Der Vize-Präsident des Vermögensverwalters BlackRock, Philipp Hildebrand, möchte die europäische Bankenaufsicht als unabhängige Institution positionieren.

(Reuters) Der Vize-Präsident des weltgrössten Vermögensverwalters Blackrock, Philipp Hildebrand, hat sich für eine Trennung der Bankenaufsicht von der EZB ausgesprochen.

«Langfristig sollte man sich überlegen, die Aufsicht aus der EZB herauszulösen und als unabhängige Institution zu positionieren», sagte der frühere Präsident der Schweizerischen Nationalbank dem «Spiegel» laut Vorabbericht vom Freitag.

Bundesbank-Vize Claudia Buch hatte im vergangenen Jahr ebenfalls diese Forderung erhoben. Die Europäische Zentralbank (EZB) ist seit Herbst 2014 für die Kontrolle der grössten Banken im Währungsraum zuständig.
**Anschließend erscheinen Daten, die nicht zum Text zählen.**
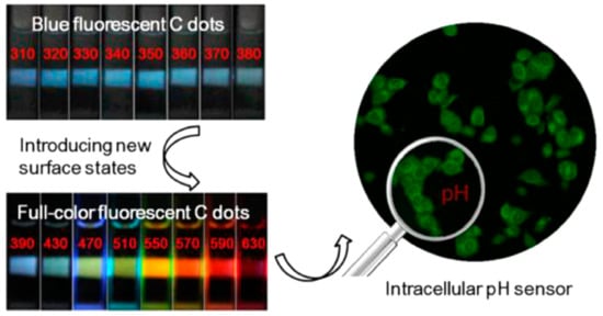 The integration of carbon dots with different adjusted full-color emission and pH sensors. Reprinted with permission from Ref. [34]. (Copyright, 2014 ACS).

Hildebrand zufolge muss sich Europa zudem in vielen Bereichen von der US-Dominanz befreien. «Wir sind abhängig von amerikanischen Zahlungssystemen, Rating-Agenturen und Stimmrechtsberatern. Wir sollten Alternativen entwickeln.» Eine der wichtigsten Lehren aus der Krise für Europas Banken sei, dass ihr Ausflug in das Investmentbanking angelsächsischer Prägung einen Scherbenhaufen hinterlassen habe.

In den Fonds von Blackrock liegen rund fünf Billionen Dollar. Neben Geld von Privatanlegern ist das vor allem Anlagekapital institutioneller Investoren wie Pensionsfonds und Versicherer.